Science
2,000 earthquakes in 1 day off Canada coast suggest the ocean floor is ripping apart, scientists say
Almost 2,000 earthquakes rocked a spot off the coast of Canada in a single day earlier this month, which could be a sign that new oceanic crust is about to be birthed via a deep sea magmatic rupture.
The quakes aren't any threat to people. They're relatively small and centered on a spot called the Endeavour site, about 150 miles (240 kilometers) off the coast of Vancouver Island. This spot hosts a number of hydrothermal vents and sits on the Juan de Fuca Ridge, where the ocean floor is spreading apart. This area is separate from the subduction zone — a region where one tectonic plate is sinking into the mantle underneath another plate — closer to the coast that can create large, destructive earthquakes, said Zoe Krauss, a doctoral candidate in marine geophysics in the University of Washington.
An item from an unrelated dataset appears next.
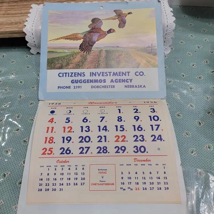 Step back in time with this charming 1956 advertising calendar from Citizens Investment Co. in Dorchester, Nebraska. Featuring vibrant illustrations of pheasants in flight, this piece is perfect for collectors or adding a nostalgic touch to your decor. Please note, this item is vintage and may show signs of wear, adding to its authentic charm. Feel free to reach out for more details or photos!

"Mid-ocean ridges aren't actually capable of producing that large of earthquakes, not too far above a magnitude five," Krauss told Live Science. "This is not going to trigger 'the big one' on the subduction zone."
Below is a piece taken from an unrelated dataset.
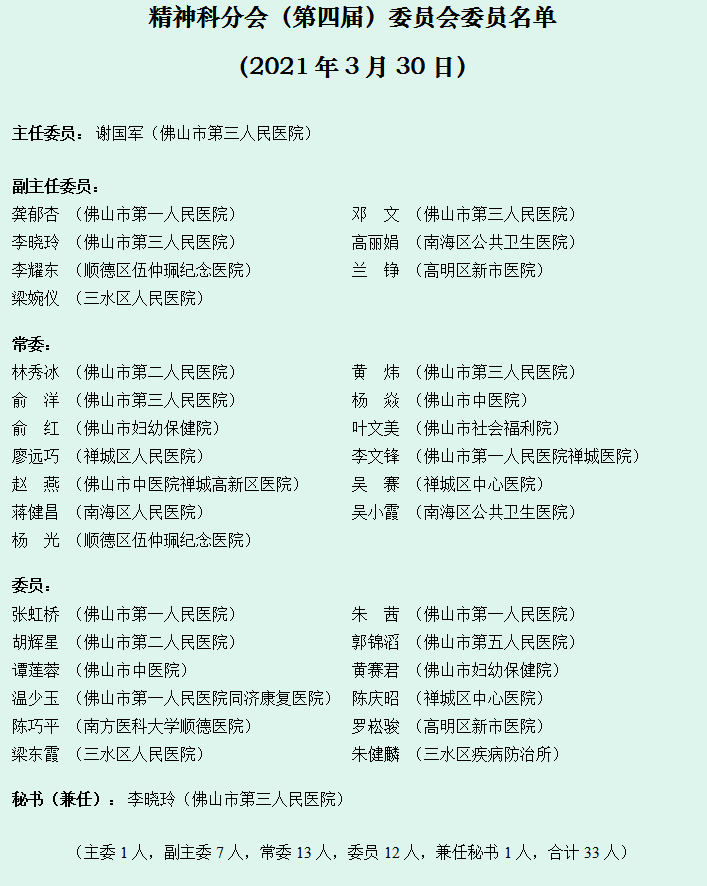 因工作原因,李耀东辞任精神科分会副主任委员。调整后委员名单如下:

The quakes are interesting scientifically because they can reveal details about how the ocean floor pulls apart and new crust forms, Krauss said. At the Endeavour site, the Pacific plate and the Juan de Fuca plate are pulling apart. This stretching creates long, linear fault lines and thins the crust, enabling magma to rise up. When the magma reaches the surface, it cools and hardens, becoming new ocean crust.
The Endeavour site is monitored continuously as part of the North-East Pacific Time-series Undersea Networked Experiments (NEPTUNE), run by Ocean Networks Canada. Since 2018, the region has become more seismically active, Krauss said. On March 6, however, the activity went wild, with at least 200 small earthquakes shaking the seafloor per hour. In all, the researchers detected about 1,850 quakes in a single day.
"The vast majority are less than magnitude one. They’re these little pops," Krauss said. "But it’s pretty cool because it allows us to track where things are happening, where things are breaking and where things are moving around."
Krauss said the most likely reason for the quakes is that the seafloor is stretched to its maximum extent and has built up a great deal of stress. At the Endeavour site, this happens when the plates pull apart by about 3.3 feet (1 meter), she said, and the stress is ultimately relieved when magma rises up into the thinned crust and cools.